Dear Ambassador Fahmy,

I am writing on behalf of Achwak Mohamad and her husband, Gergius Bekhit, and their two small children. Achwak was kidnapped from her husband and children because she is a Christian. As you must know, women in these situations are shamefully mistreated: they are often raped, and further isolated through this shame. I beg you to take action for Achwak, and for her family. Achwak is my sister in Christ, and is under the protection of your government. I am doing what I can for her, and I ask that you too, would do what you can to reunite Achwak with her family, and that you would help to ensure their future protection.

"Verily I say unto you, Inasmuch as ye have done it unto one of the least of these my brethren, ye have done it unto me." -Christ Jesus

Sincerely,



Khamtai Siphadon
President
Office of the President
Vientiane, Laos

Dear President Siphadon,

First of all, I would like to assure you that my husband and I pray for your country, and for you as the leader of your country, with thanksgiving for your constitution and your reforms. We pray that God would give you wisdom as you administer your country, that you would have the reward of being a truly just leader of your people.

I am writing on behalf of the prisoners Khamsay, Pheang, Thongsoun, and Khampay , who are being held at the prison Muang Kasy. I ask that you would consider their case, and act on their behalf. They are being told that they will die in prison if they do not renounce Christ; yet under your constitution, these men are guaranteed religious liberty.

I also ask that you would release the whereabouts of Boontheong and his wife and seven year old son, who disappeared last July. This man and his family are also Christians, and are also protected under the constitution of your country. I ask that you would ensure that liberty, and protect them.

These Christians are my own true brothers and sisters in Christ, and they are your citizens. I am doing what I can for them; and I beg that you, who have great ability to act for them, would also do what you can.

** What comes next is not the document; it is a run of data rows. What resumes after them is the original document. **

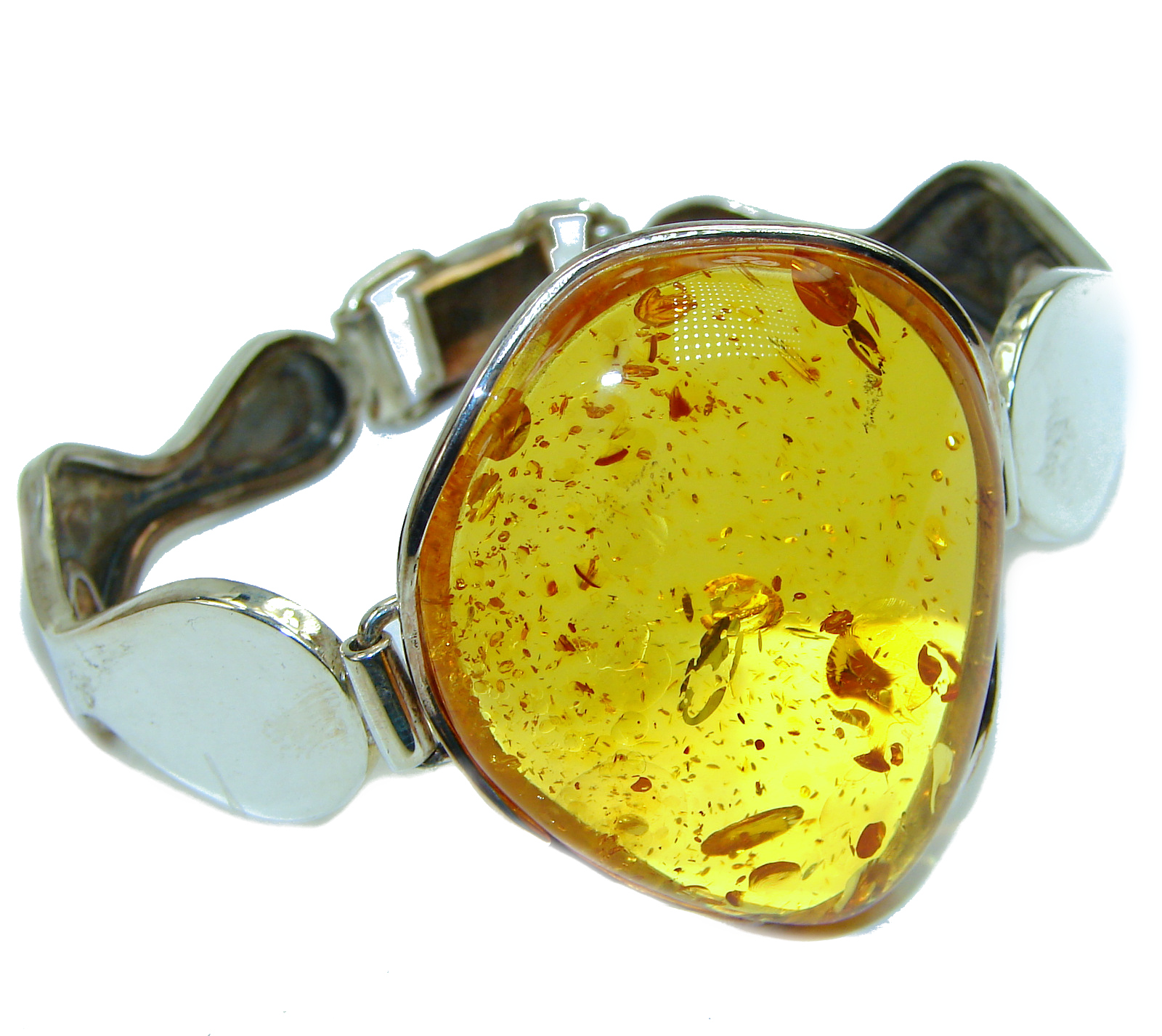 Vintage Design Genuine Polish Amber .925 Sterling Silver handamde Bracelet / Cuff
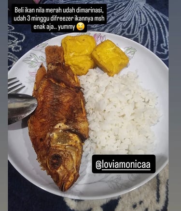 Beli ikan nila merah udah dimarinasi, udah 3 minggu difreezer ikannya msh enak aja.. yummy
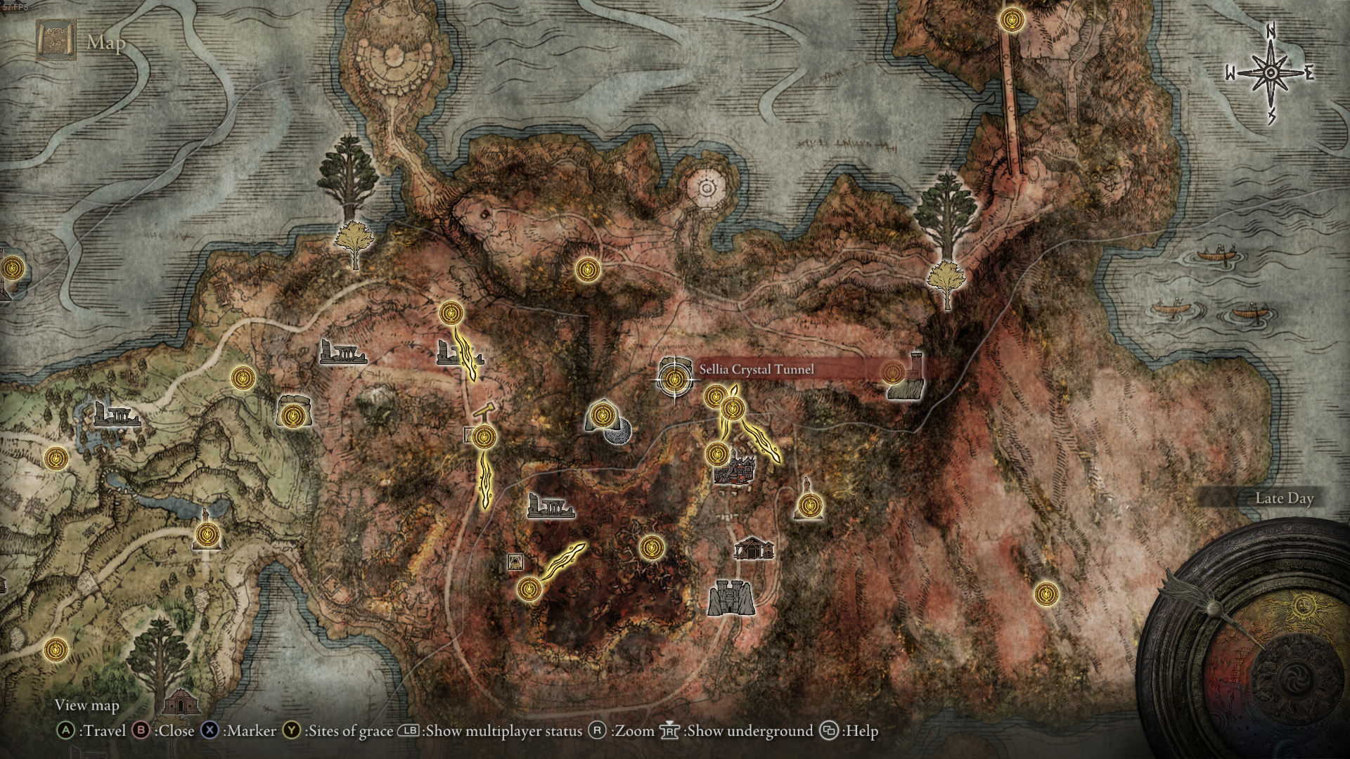 In this guide, we're going to be approaching Sellia Crystal Tunnels from its natural entrance, and not via the trapped chest in Limgrave. You can find the entrance to the tunnels north of Sellia, Town of Sorcery in Caelid - this is marked on the map below.
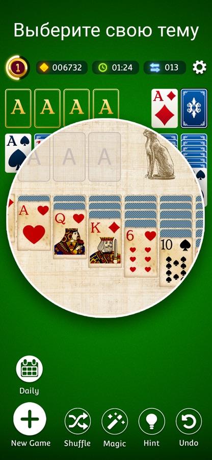 Думаете, у вас идеальная стратегия? Попробуйте ежедневные задания или играйте в неограниченное количество партий с выигрышными колодами! Испытайте терпение и выбирайте между классическим Солитером или системой очков Вегаса. Проходите ежедневные задания и настраивайте карты, стол и режим игры.
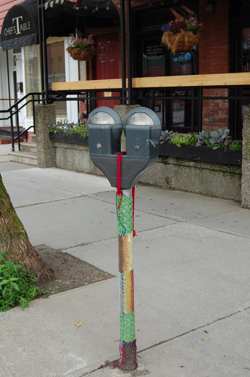Для парковочных счетчиков связали одежки, чтобы им не было холодно.
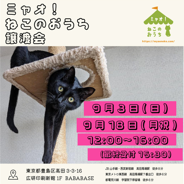 | イベント内容 | 参加する保護猫ちゃんについては、譲渡会一週間程前からホームページにてご確認いただけます。 https://myaoneko.com/cats/ 事前予約はできません。 猫ちゃんをお世話することになるご家族皆様でお越しくださると嬉しいです。 譲渡会場でお会いしましょう♪ 【新型コロナウイルス対策について】 会場受付にて、以下の点をお願いする予定です。 ✿手指消毒 ✿連絡先のご記入 御来場者多数の場合には入場制限を設けさせていただきます。 ※当日沢山のご来場者様がいらっしゃった場合、整理券をお渡しする事がございます。 会場内外で長時間お待たせする場合もございますが、ご理解くださいますようお願い致します。 結果のご連絡は、当日夜〜翌日夜までの間に、お電話もしくはメールにて保護主より直接ご連絡いたします。 ◇譲渡に関してのお願い 【ミャオ!ねこのおうち】では譲渡に際して、以下の要件をお願いしております。 ・完全室内飼いで終生愛育 ・脱走させないための対策 ・不妊去勢手術 ・譲渡誓約書の取り交わし ・医療費の一部ご負担 ※60才以上の方のみのご家庭、独身や、経済的に困難な世帯、 必要な脱走対策を施していただけない方には原則的に譲渡はご遠慮頂いております。 また、保護主により譲渡条件が異なる場合もございますので会場でご相談ください。 参加予定ねこちゃんは、急な体調不良などで不参加になる場合もございます。 【譲渡に関してのお願い】・【医療費の一部のご負担】・【譲渡までの流れ】など 詳しくは下記ホームページをご覧くださいますよう宜しくお願い致します。 ミャオ!ねこのおうち ホームページ https://myaoneko.com |
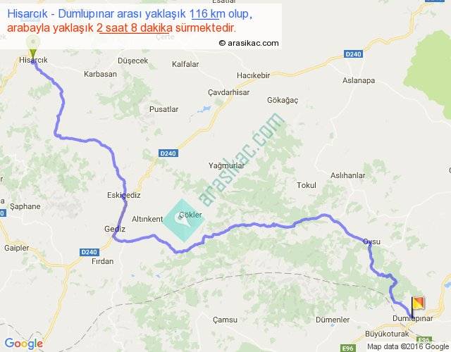 Hisarcık - Dumlupınar arası yaklaşık olarak 90 km/h ile yukarıda belirtilen sürede olup, iki yerin kuş uçuşu uzaklığı (mesafesi) 77'dir. Yolculuk otobüsle 2 saat 46 dakika sürmektedir.
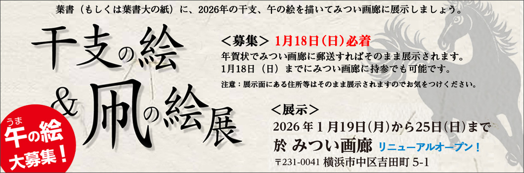葉書(もしくは葉書大の紙)に2026年の干支「午(うま・馬)」の絵を描いてみつい画廊にお送りください!
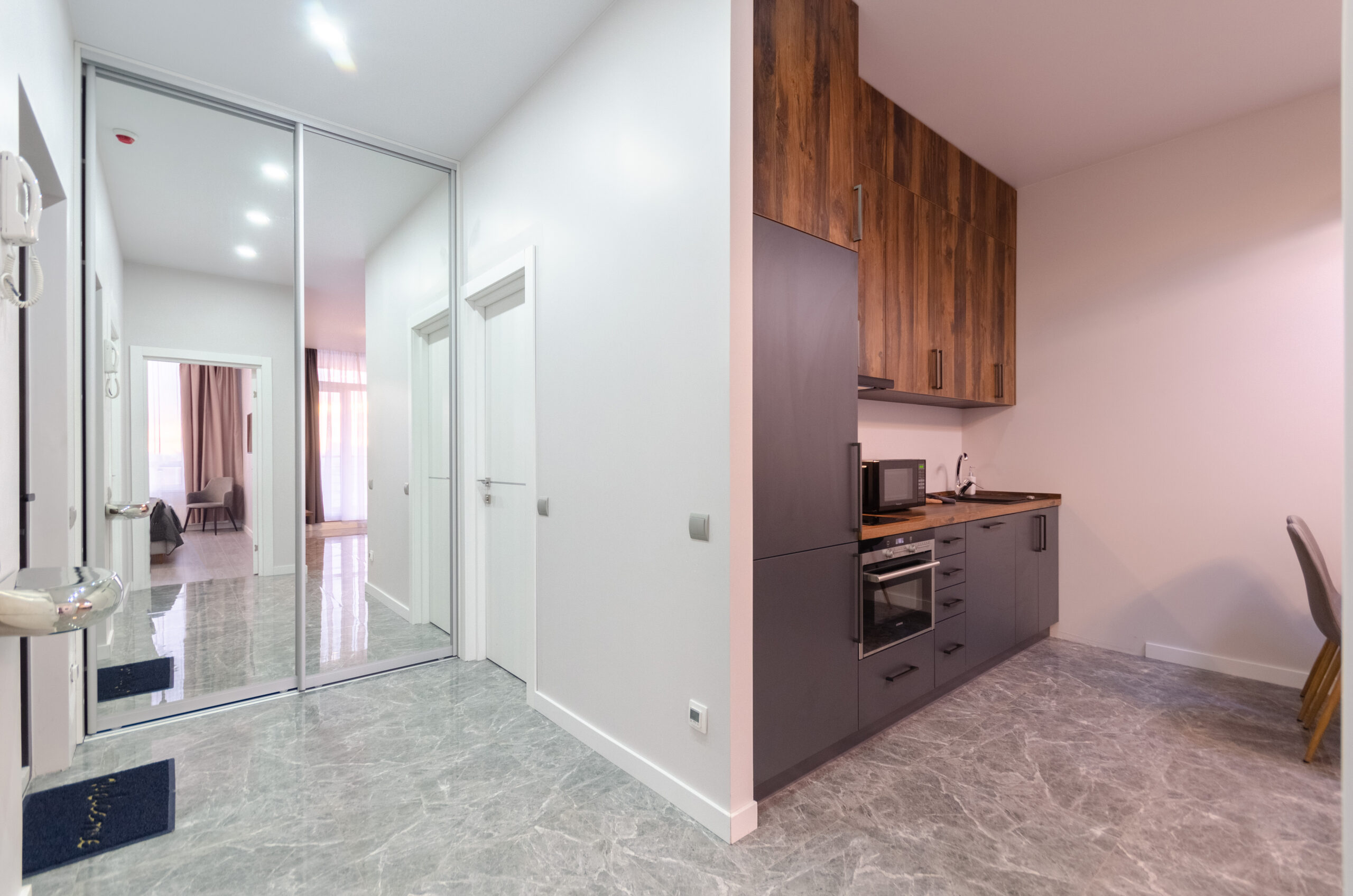 Within walking distance are restaurants, fitness clubs, supermarkets Silpo, Novus, Auchan, shopping center Ocean Plaza, etc. are
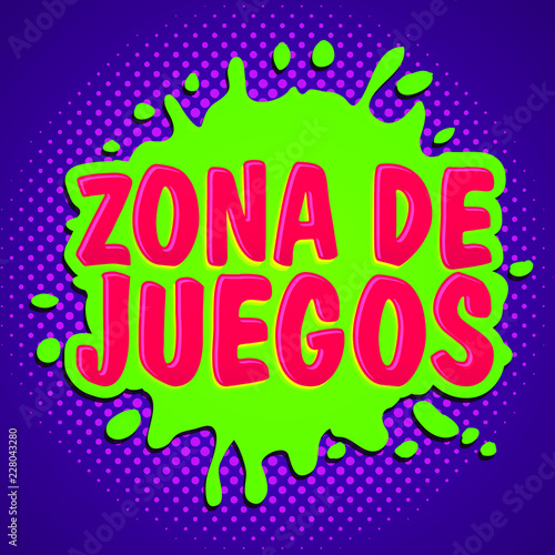 Game zone label vector. Child party room icon. Kid fun area, playground for children leisure entertainment and activity badge illustration. Cartoon round shape design isolated on white background
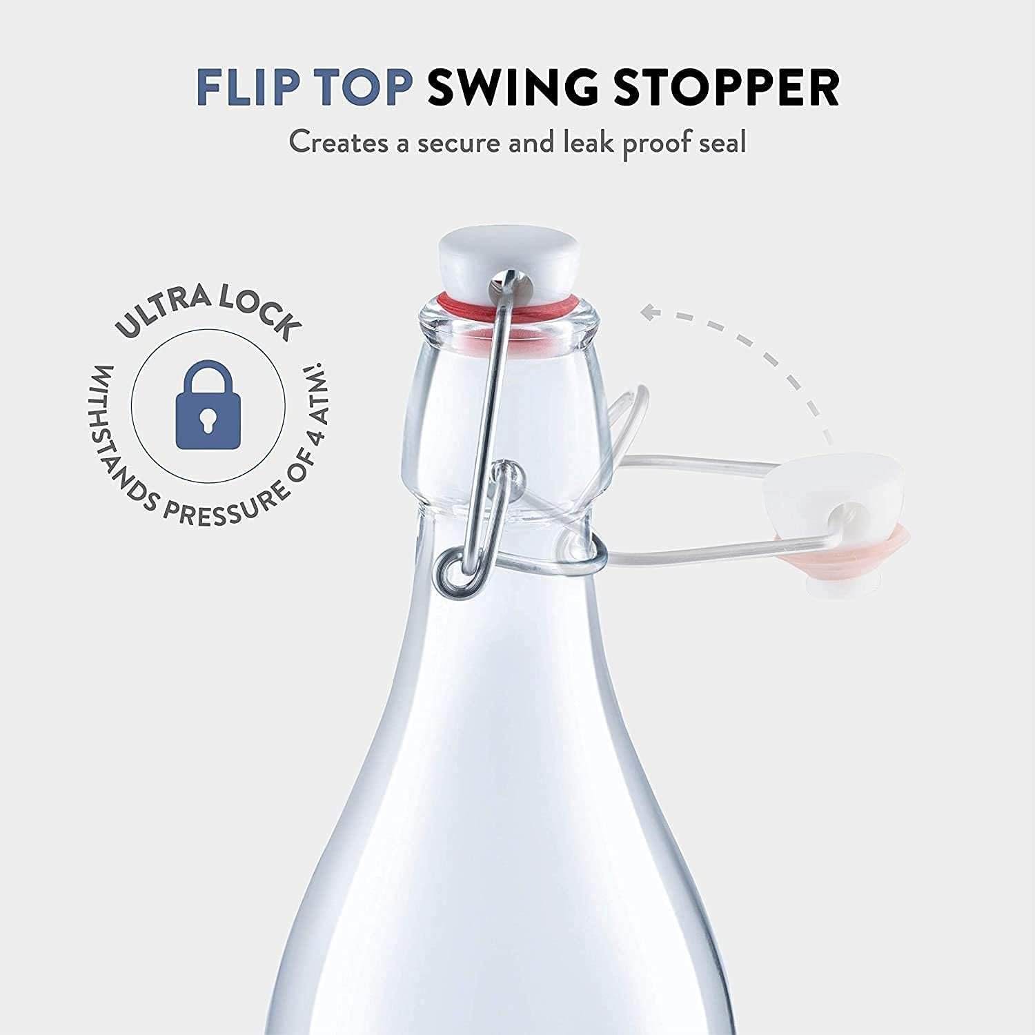 BPA-Free Glass: Crafted from durable, BPA-free glass, these reusable glass bottles with swing caps ensure your beverages stay pure and uncontaminated, free from plastic or chemical leaching.
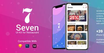 图穷联素材库 » 餐饮美食餐厅外卖预定移动手机APP UI工具包Seven Restaurant
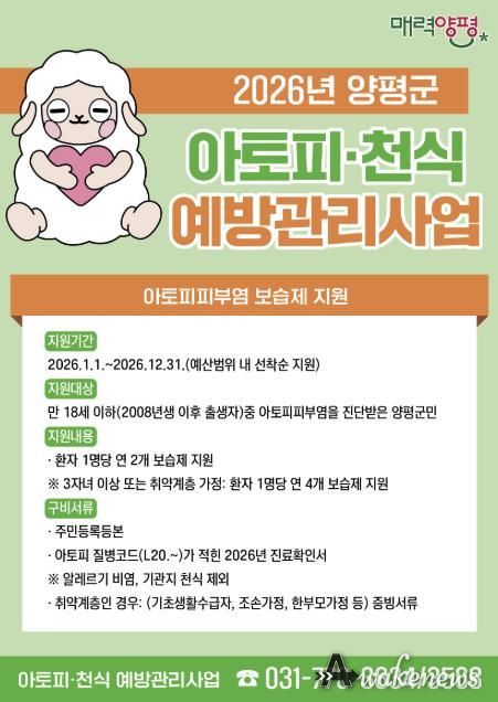 어웨이크뉴스 오경하 기자 | 양평군은 지역사회 중심의 알레르기질환 조기 발견과 적절한 치료를 위해 양평군민을 대상으로 2026년 연중 ‘아토피피부염 보습제 지원’과 ‘취약계층 알레르기질환 의료비 지원’ 사업을 추진한다고 밝혔다.
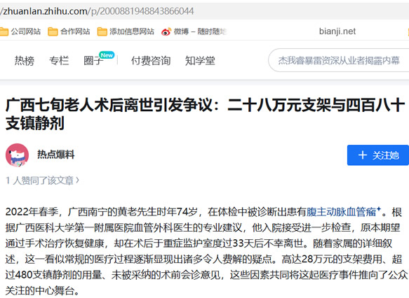 2022年春季,广西南宁的黄老先生时年74岁,在体检中被诊断出患有腹主动脉血管瘤。根据广西医科大学第一附属医院血管外科医生的专业建议,他入院接受进一步检查,原本期望通过手术治疗恢复健康,却在术后于重症监护室度过33天后不幸离世。随着家属的详细叙述,这一看似常规的医疗过程逐渐显现出诸多令人费解的疑点。高达28万元的支架费用、超过480支镇静剂的用量、未被采纳的术前会诊意见,这些因素共同将这起医疗事件推向了公众关注的中心舞台。

"Verily I say unto you, Inasmuch as ye have done it unto one of the least of these my brethren, ye have done it unto me." -Christ Jesus

Sincerely,




Embassy of the Lao People's Democratic Republic
Phanthong Phommahaxay
Ambassador
2222 S. Street N. W.
Washington, D.C. 20008

Dear Ambassador Phommahaxay,

I am writing on behalf of the prisoners Khamsay, Pheang, Thongsoun, and Khampay , who are being held at the prison Muang Kasy. I ask that you would consider their case, and act on their behalf. They are being told that they will die in prison if they do not renounce Christ; yet under your constitution, these men are guaranteed religious liberty.

I also ask that you would urge your government to release the whereabouts of Boontheong and his wife and seven year old son, who disappeared last July. This man and his family are also Christians, and are also protected under the constitution of your country. Please help to ensure their liberty, and to protect them.

These Christians are my own true brothers and sisters in Christ, and they are citizens of your country. I am doing what I can for them; and I beg that you too, would do what you can.

"Verily I say unto you, Inasmuch as ye have done it unto one of the least of these my brethren, ye have done it unto me." -Christ Jesus

Sincerely,


----------